Notre journaliste Johanna Bonenfant avec Grèce Hebdo s’est rendu à l’exposition temporaire du Musée Juif de Grèce, l’occasion de revenir sur la diaspora Juive de Grèce, du début de sa formation à nos jours.

Le Musée Juif de Grèce nous fait découvrir, depuis le 22 janvier et jusqu’au 5 octobre 2018, une exposition sur les photographies de Nissim Levis, un médecin Juif grec qui a contribué à la mémoire des Juifs Romaniotes, notamment dans sa ville d’origine, Ioannina.
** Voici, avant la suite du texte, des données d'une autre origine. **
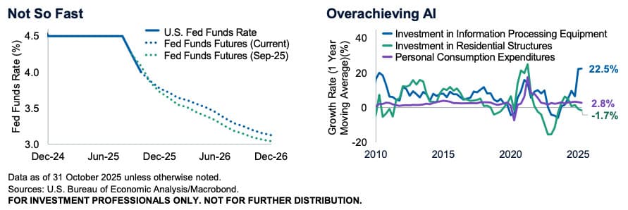 U.S. economic growth is underpinned by ongoing fiscal spending and potential for further Fed easing, though outlook remains uncertain amid limited economic data and a lack of clarity around tariff impact.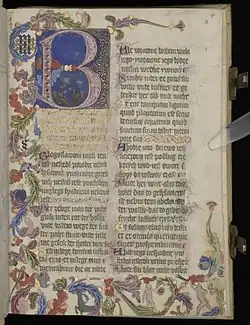 ![]() Beginning of Psalm 1, with a historiated initial "B" containing an image of King David, on folio 3 recto | |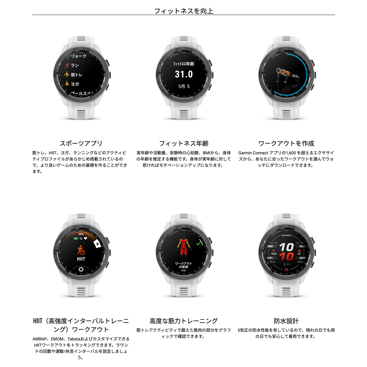 ■スポーツ機能:ランニング、サイクリング、プールスイム、ハイキング、スキー、スノーボード、筋力トレーニング、屋内クライミング、クロスカントリースキー、SUP、バーチャルランニング、ヨガ、ピラティス、ゴルフ、HIITなど40種類以上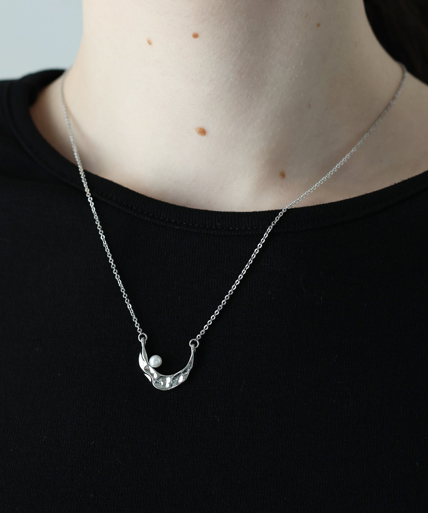 ニュアンス感のあるムーン風のメタルモチーフに、控えめな小粒パールをあしらった上品なアイテムです。
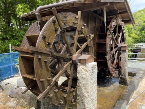 山道の運転の休憩スポットとして、是非立ち寄ってみてくださいね。これから日差しが強くなるにつれて、水車から弾ける水は宝石のようにきらめくかと思います。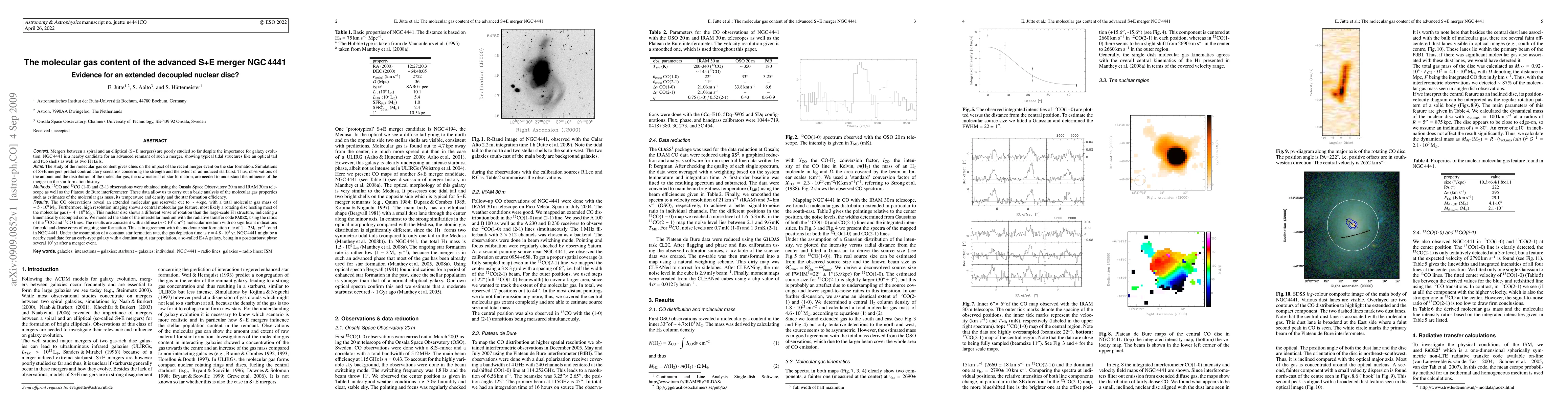 Mergers between a spiral and an elliptical (S+E mergers) are poorly studied so far despite the importance for galaxy evolution. NGC4441 is a nearby candidate for an advanced remnant of such a merger, showing typical tidal structures like an optical tail and two shells as well as two HI tails. The study of the molecular gas content gives clues on the impact of the recent merger event on the star formation. Simulations of S+E mergers predict contradictory scenarios concerning the strength and the extent of an induced starburst. Thus, observations of the amount and the distribution of the molecular gas, the raw material of star formation, are needed to understand the influence of the merger on the star formation history. 12CO and 13CO (1-0) and (2-1) observations were obtained using the Onsala Space Observatory 20m and IRAM 30m telescope as well as the Plateau de Bure interferometer. These data allow us to carry out a basic analysis of the molecular gas properties such as estimates of the molecular gas mass, its temperature and density and the star formation efficiency. The CO observations reveal an extended molecular gas reservoir out to ~4kpc, with a total molecular gas mass of ~5x10^8 M_sun. Furthermore, high resolution imaging shows a central molecular gas feature, most likely a rotating disc hosting most of the molecular gas ~4x10^8 M_sun. This nuclear disc shows a different sense of rotation than the large-scale HI structure, indicating a kinematically decoupled core. (abbreviated)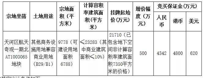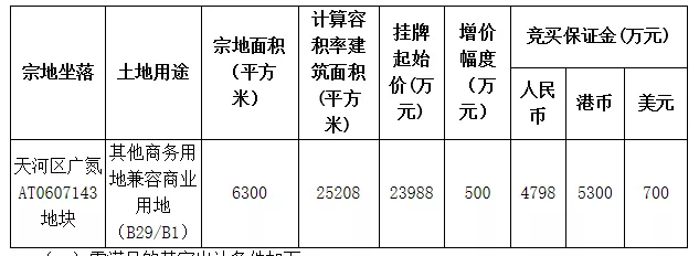 除位于航天奇观的4宗商地外,今日,天河还成功出让天河区广氮一商地。该地块用途为其他商务用地兼容商业用地,挂牌起始价23988万元,折合楼面价9516元/㎡。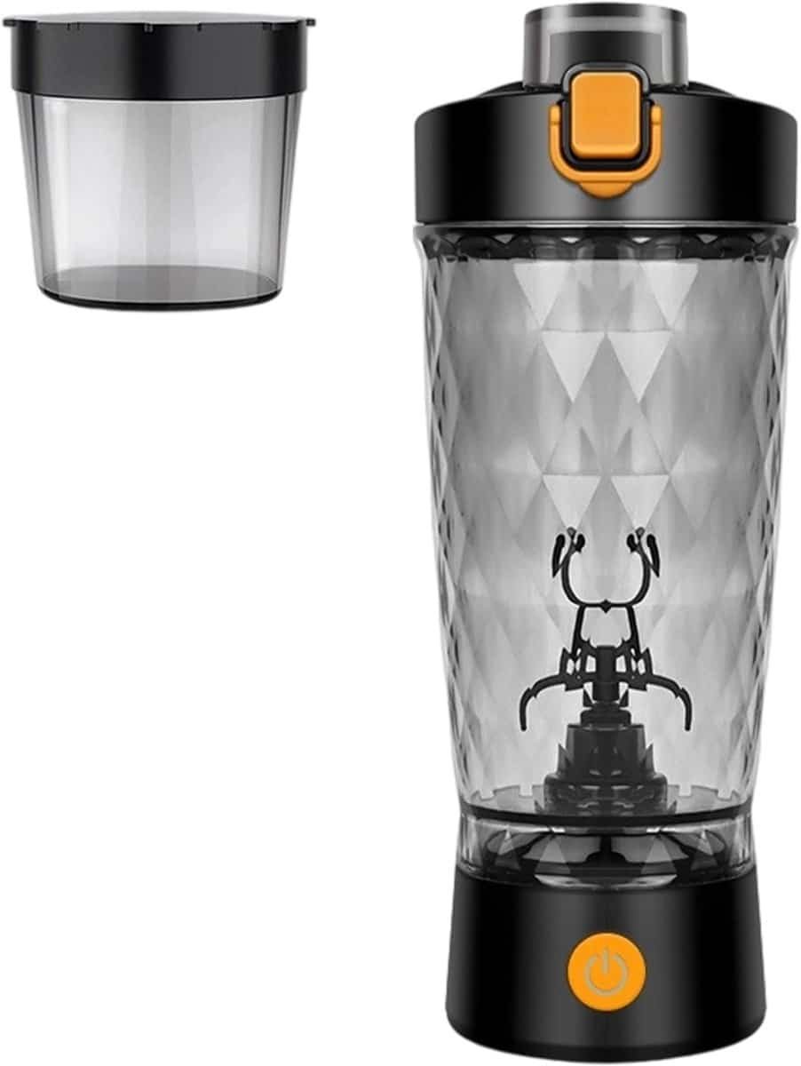 longziming -Elektrische Protein Shaker 650ml – USB Oplaadbare Shakebeker met Krachtige Motor en Afneembaar Poedervak – BPA-vrij, Gemakkelijk Schoon te Maken, Perfect voor Eiwitshakes, Pre-Workout & Smoothies – Zwart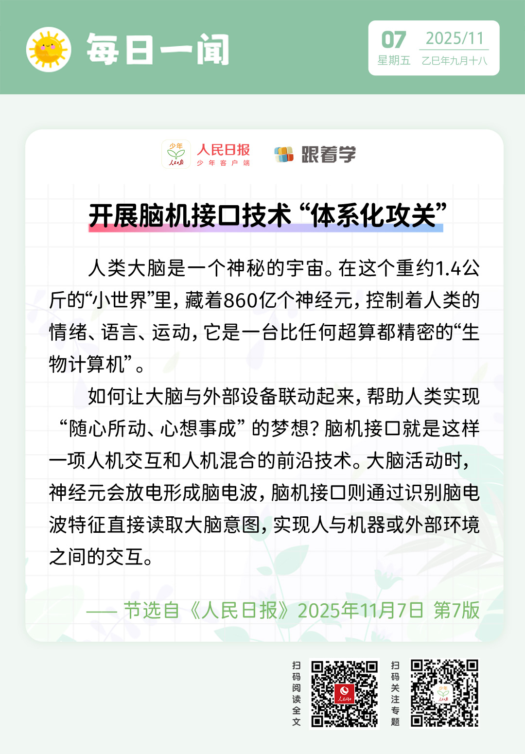 每日一闻丨开展脑机接口技术“体系化攻关”
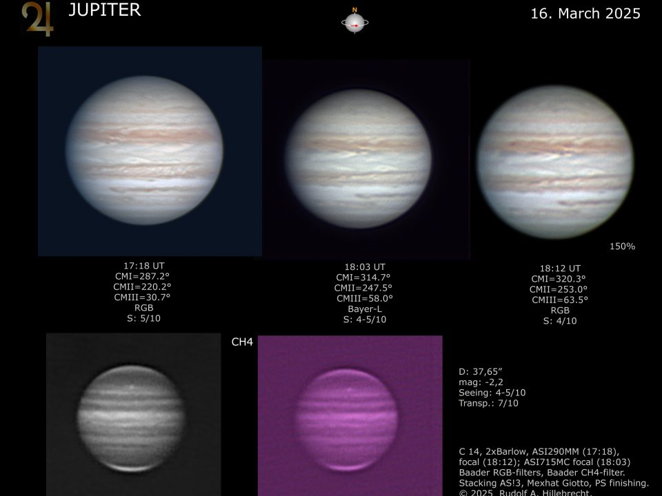 Jupiter bei durchschnittlich gutem Seeing. Bemerkenswert ist der kleine helle Fleck in der NPZ, der im Farbbild kaum auffällt, aber im Methanband deutlich heraussticht. Des weiteren […]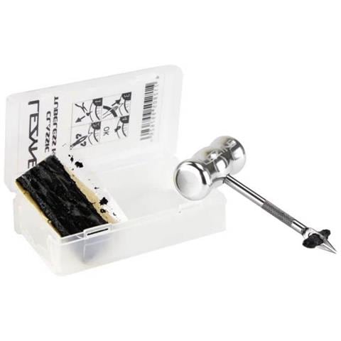 Un kit di riparazione pneumatici tubeless ultracompatto. custodia in polipropilene super comoda da portare in giro. Il kit include : un alesatore con impugnatura a t in alluminio lavorato e cinque vermicelli.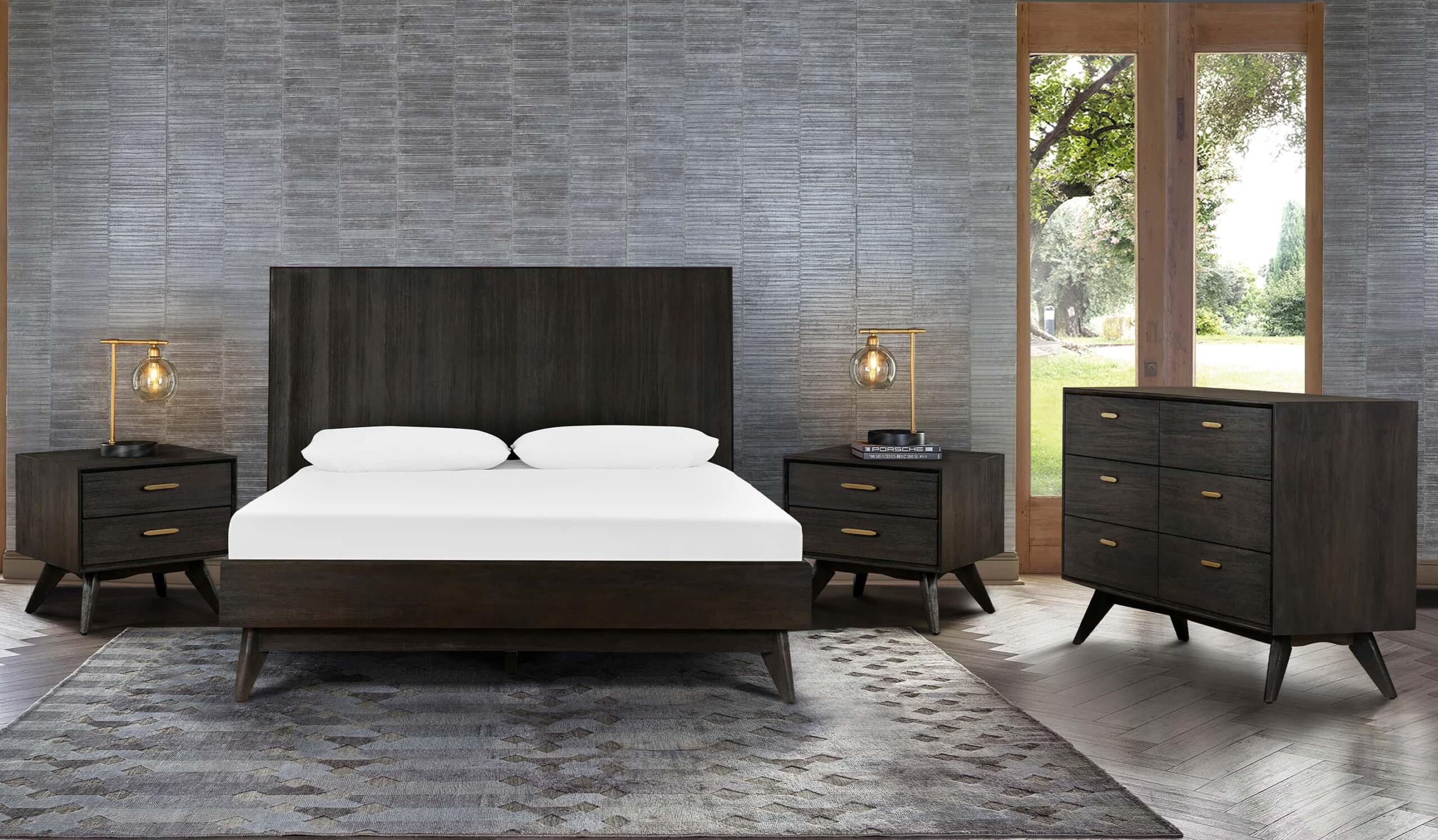 Bed and Dresser and 2 Nightstand

Depuis sa fondation en 1977, le Musée Juif (basé à Athènes) a l’ambition de représenter l’histoire et l’identité juive en Grèce. Son bâtiment néoclassique se compose ainsi de divers étages, dont une galerie d’art, une librairie, un laboratoire de collections, et surtout une exposition permanente de plus de 8000 pièces de collection. Des reliques et objets personnels – allant des manuscrits, aux médailles, journaux et costumes – illustrent ce qu’ont pu vivre les Juifs grecs de l’antiquité à nos jours.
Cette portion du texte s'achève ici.